Using Directed Molecular Evolution System, MGH Team Develops Broad-Range Cas9 Enzyme Variant from S. aureus That Targets Many Genomic Sites Previously Inaccessible to CRISPR-Cas9 Editing Technology

A team of Massachusetts General Hospital (MGH) investigators has shown that a method they developed to improve the usefulness and precision of the most common form of the gene-editing tools CRISPR-Cas9 RNA-guided nucleases can be applied to Cas9 enzymes from other bacterial sources.
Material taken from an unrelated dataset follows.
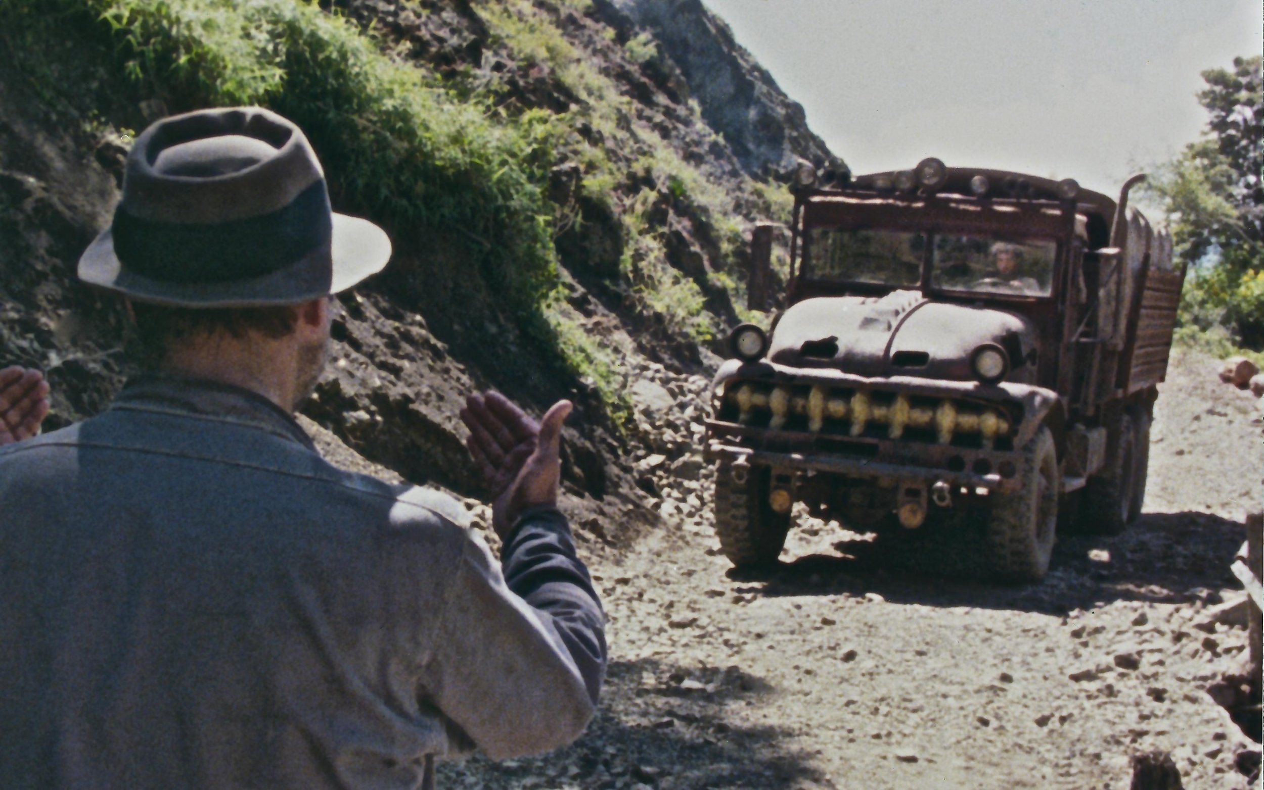 I’ve been going on and on about what this movie is, but I haven’t written a word of what it’s about. A prolonged prologue, populated by what some critics call “vignettes,” introduces us to the four protagonists: Nilo (Francisco Rabal) is a hitman who flees the scene of his latest crime in Veracruz; Kassem (Amidou) is a bomber who works with a terrorist cell in Israel; Victor Manzon (Bruno Cremer), a French banker, flees the country to escape charges of loan fraud; and Jackie Scanlon (Roy Scheider, by far the most recognizable face in the cast), a mob driver, escapes to South America after a robbery goes south. All four men are chosen to transport cargoes of highly volatile nitroglycerin in two massive trucks on a 200-mile path through a dangerous jungle to put out a chemical fire.

In an article published online on November 2, 2015 in Nature Biotechnology, the team reports evolving a variant of SaCas9 - the Cas9 enzyme from the Streptococcus aureus bacteria - that recognizes a broader range of nucleotide sequences, allowing targeting of genomic sites previously inaccessible to CRISPR-Cas9 technology. The article is titled “Broadening the Targeting Range of Staphylococcus aureus CRISPR-Cas9 by Modifying PAM Recognition.” "The development of Cas9 variants with a broader targeting range is particularly important for applications requiring precise targeting of genomic sequences," says Benjamin Kleinstiver, Ph.D., a research fellow in the MGH Molecular Pathology Unit and lead and co-corresponding author of the new Nature Biotechnology paper. "In addition, the coding sequence of SaCas9 is 23 percent smaller than that of SpCas9 - the version derived from Streptococcus pyogenes - a size difference that makes SaCas9 advantageous for potential therapeutic applications requiring delivery by viruses." CRISPR-Cas9 nucleases are comprised of a short RNA molecule, 20 nucleotides of which match the target DNA sequence, and a Cas9 bacterial enzyme that cuts the DNA in the desired location. Along with the match between the RNA and DNA sequences, Cas9 needs to recognize an adjacent nucleotide sequence called a protospacer adjacent motif (PAM). In a previous study reported earlier this year in Nature, the MGH team described a genetic system that enabled them to rapidly evolve SpCas9 to recognize different PAM sequences.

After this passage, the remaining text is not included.